BACKGROUND: Blistering autoimmune dermatoses are a heterogeneous group of rare diseases. Pemphigus diseases are distinguished from pemphigoid diseases as well as dermatitis herpetiformis. In pemphigus diseases, cutaneous blistering is caused by an intraepidermal loss of adhesion between keratinocytes. In pemphigoid diseases, blister formation is due to a subepidermal loss of adhesion of keratinocytes from the basement membrane.

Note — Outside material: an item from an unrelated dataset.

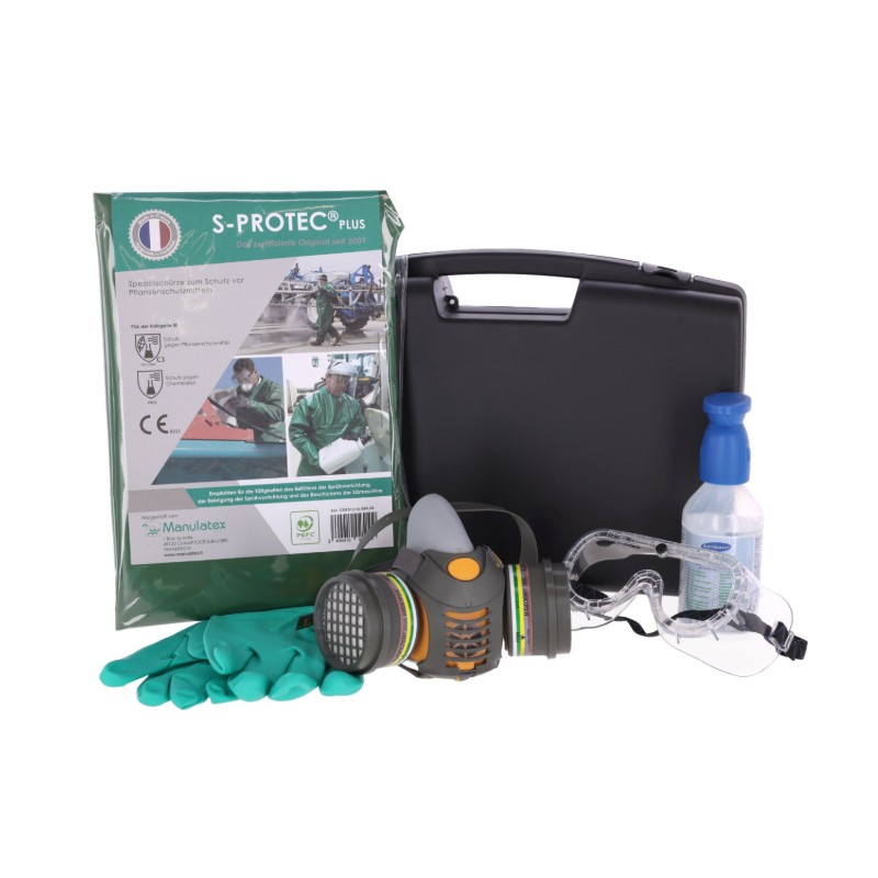 Persönliche Schutzausrüstung beim Umgang mit Pflanzenschutzmitteln, auch für Gefahrguttransporte geeignet. 1 x dichtsitzende Schutzbrille 1 Paar Nitrilhandschuhe Gr. 10 /XL Typ A 1 x Augenspülflasche 250 ml mit 4,9 % Phosphatpufferlösung 1 x Atemschutzhalbmaske Vulcano gem. 1 Paar Mehrbereichskombifilter A1B1E1K1P3 R 1 x Ärmelschürze Im praktischen staubdichten Aufbewahrungskoffer 39 x 29 x 10,5 cm

OBJECTIVES: This article reviews the most important trigger factors associated with bullous autoimmune dermatoses and discusses their role in their initial manifestation as well as exacerbation.

MATERIALS AND METHODS: A focused review of the literature including original articles, guidelines, reference works and previously published review articles was performed.

RESULTS: Vaccinations, viral infections, ultraviolet light (UV) exposure and radiation therapies are possible triggers of pemphigus vulgaris in predisposed patients. For the much rarer pemphigus foliaceus, UV exposure is of particular importance. Thiols and phenols are drugs that can induce pemphigus usually resembling pemphigus foliaceus clinically. Age is the most important risk factor of bullous pemphigoid. In addition, in bullous pemphigoid associations with dipeptidyl peptidase 4 inhibitors, programmed cell death protein‑1 or programmed death-ligand‑1 inhibitors as well as neurological diseases are particularly relevant. Severe mucosal damage, certain drugs and in particular cases neoplasms might play a role in mucous membrane pemphigoid.

CONCLUSION: Knowing possible trigger factors facilitates a timely diagnosis upon initial manifestation and supports the prevention of relapse of bullous autoimmune dermatoses.